= Laxmipriya Mohapatra =

Indian classical dancer and actress (1928–2021)

Laxmipriya Mohapatra (born 1928 - died 20 March 2021) was an Indian classical dancer, performing Odissi dance on stage and in films. Along with her husband, Kelucharan Mohapatra, she is credited with reviving Odissi dance in India, in the 1940s and 50s.

== Career ==
Mohapatra was born in Khurda, Odisha, and was taught to dance by her mother, actress and dancer Tulasi Devi. At the age of seven, she began performing at the Annapurna Theatre in Puri, Odisha, and by the age of 17, was their star performer, drawing large crowds who attended her performances. She moved to Cuttack, where she met her husband, Kelucharan Mohapatra, a trained Odissi dancer who was at the time playing tabla, a classical form of percussion, as an accompaniment, for dance performances. In 1946, after training in Odissi with her husband, she performed the first solo Odissi dance on stage, which was considered a milestone in efforts to revive the classical dance form. She is also the first woman to perform the traditional form of Gotipua dance on stage. In addition to performing Odissi, she was trained in several traditional folk dance forms, and performed at Republic Day parades in India's capital, New Delhi, in the 1950s. She performed in a number of plays on stage, as well as in several Odia films, including Manika Jodi, Suryamukhi, Mala Jahna and Amadabata.

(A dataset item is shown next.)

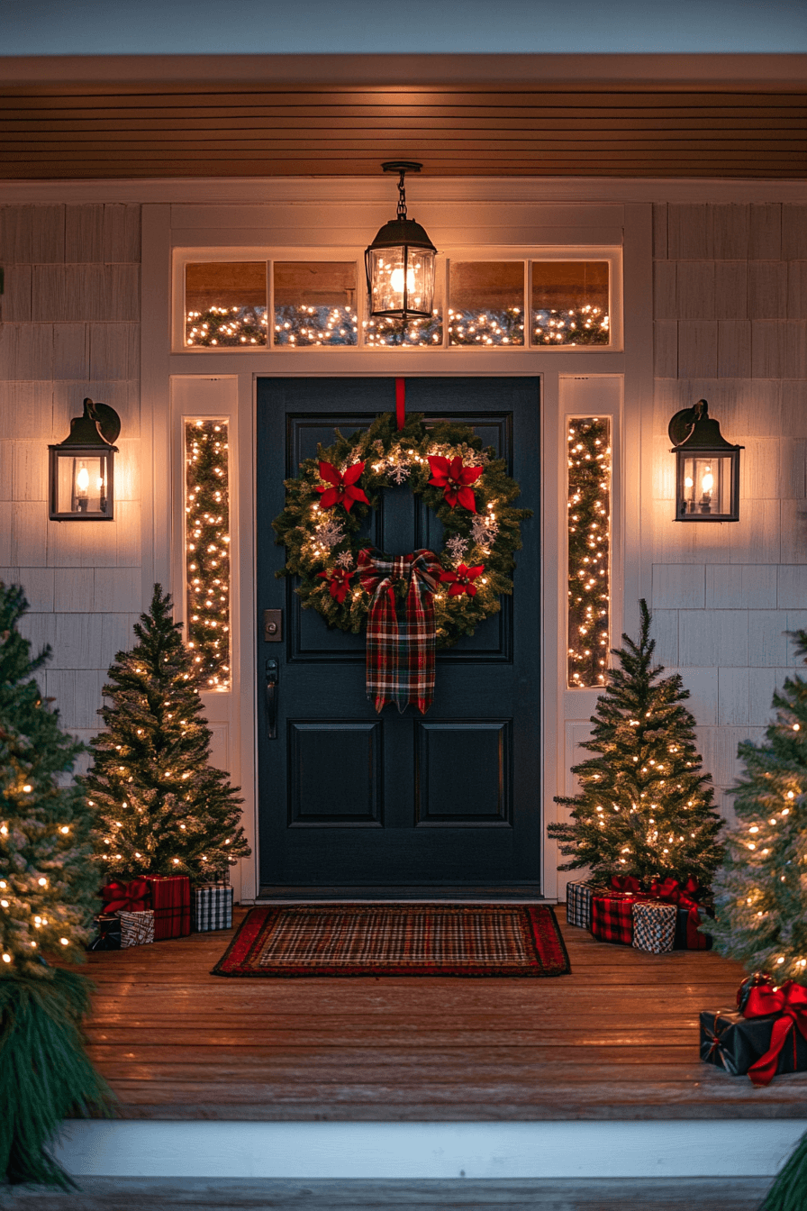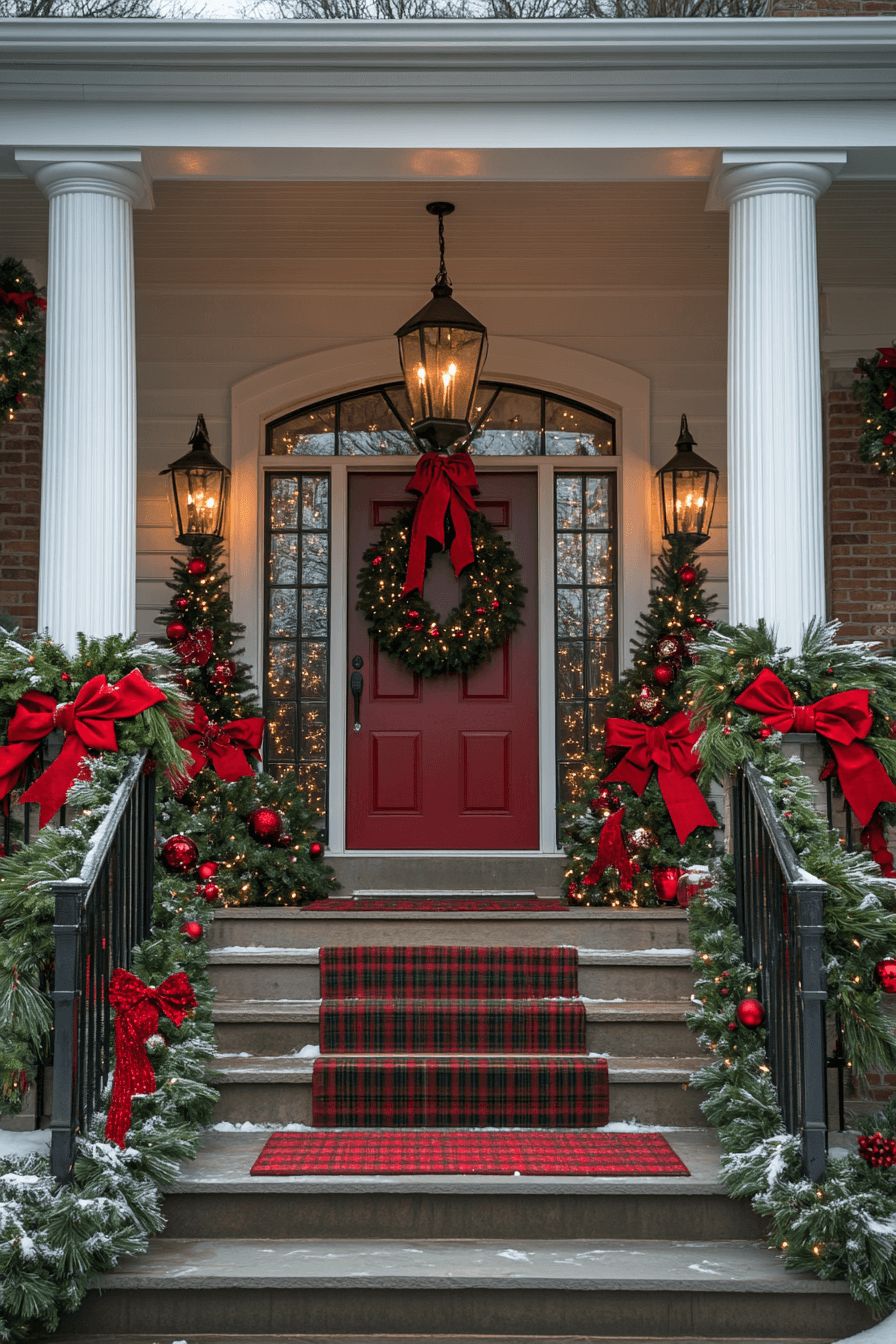 Celebrate timeless tradition with classic Christmas porch decor in red, green, and plaid. Think wreaths with big red bows, cozy plaid ribbons, and evergreen accents to bring nostalgic charm. Add a themed doormat or matching holiday signs for extra festive spirit. This design brings warmth and tradition to your doorstep.

When her husband, Kelucharan, became a dancer and choreographer, she retired in 1985 from professional dancing to support him. Along with him, she established and taught at Srjan, a well-known classical dance school in Bhubaneswar, Odisha. Their son, Ratikant Mohapatra, is also an Odissi dancer and choreographer. She taught a number of modern Odissi dancers, including Minati Mishra, Priyambada Mohanty Hejmadi, and Kumkum Mohanty. She died on 20 March 2021, at the age of 86, and was buried with state honors. in September 2021, a five-day Odissi festival was dedicated to her memory, and included Odissi performances by many of her former students.